De rechtbank heeft de veroordeelde, de advocaat, mr. C.G.J.E. Lut en de officier van justitie op zitting gehoord.
De veroordeelde is, hoewel daartoe goed opgeroepen, niet op zitting verschenen. De raadsvrouw van veroordeelde is wel verschenen, maar achtte zich niet gemachtigd namens veroordeelde het woord te voeren.

Vordering van het Openbaar Ministerie

De vordering van de officier van justitie strekt tot het verlenen van een machtiging tot toepassing van gijzeling voor de duur van 540 dagen.
De officier van justitie stelt dat niet is gebleken dat veroordeelde betalingsonmachtig is. Hij is meermalen met grote bedragen aangehouden door de politie en uit de stukken volgt dat hij opnieuw is veroordeeld voor de productie van drugs. De vordering dient te worden toegewezen.

Beoordeling

Vast staat dat de veroordeelde niet geheel heeft voldaan aan de betalingsverplichtingen. Een bedrag van € 54.377,17 moet nog betaald worden.
Het CJIB heeft meermalen contact gehad met veroordeelde om een adequaat betalingsvoorstel te doen. In eerste instantie werd een bedrag van € 12,40 per maand afgesproken. Volgens het CJIB is veroordeelde meermalen met grote bedragen aangehouden en is dit in beslaggenomen en is daarmee een deel van de ontnemingsvordering afbetaald. Hij is sinds 2 februari 2021 uitgeschreven door de gemeente Oosterhout en kwam er een adres in Vlissingen naar voren.

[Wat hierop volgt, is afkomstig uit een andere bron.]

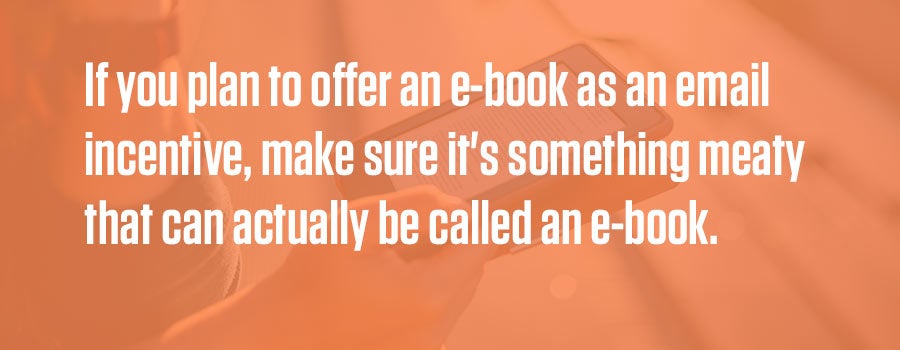 If you plan to offer an e-book as an email incentive, make sure it's something meaty that can actually be called an e-book.

Veroordeelde is aldaar aangeschreven, maar er is nooit enige reactie dan wel betaling ontvangen.
De rechtbank is met de officier van justitie van oordeel dat niet is aangetoond dat er sprake is van betalingsonmacht. Het CJIB heeft veroordeelde niet kunnen bereiken, terwijl veroordeelde wist dat hem een verplichting tot betaling was opgelegd. Gelet op deze omstandigheden, zal de rechtbank de vordering van de officier van justitie toewijzen en een machtiging verlenen tot toepassing van gijzeling voor de duur van 540 dagen.

Beslissing

De rechtbank wijst de vordering toe en machtigt de officier van justitie tot de toepassing van gijzeling voor de duur van 540 dagen.
Deze beslissing is gegeven door
Mr. N. van der Ploeg-Hogervorst voorzitter,
Mr. C.H.W.M. Sterk en mr. A.B. Scheltema Beduin rechters,
in tegenwoordigheid van G.T.A. Schuurmans-Knoop, griffier,
en in het openbaar uitgesproken op 6 september 2023.
Mr. Van der Ploeg-Hogervorst en mr. Scheltema Beduin zijn niet in de gelegenheid deze beslissing mede te ondertekenen.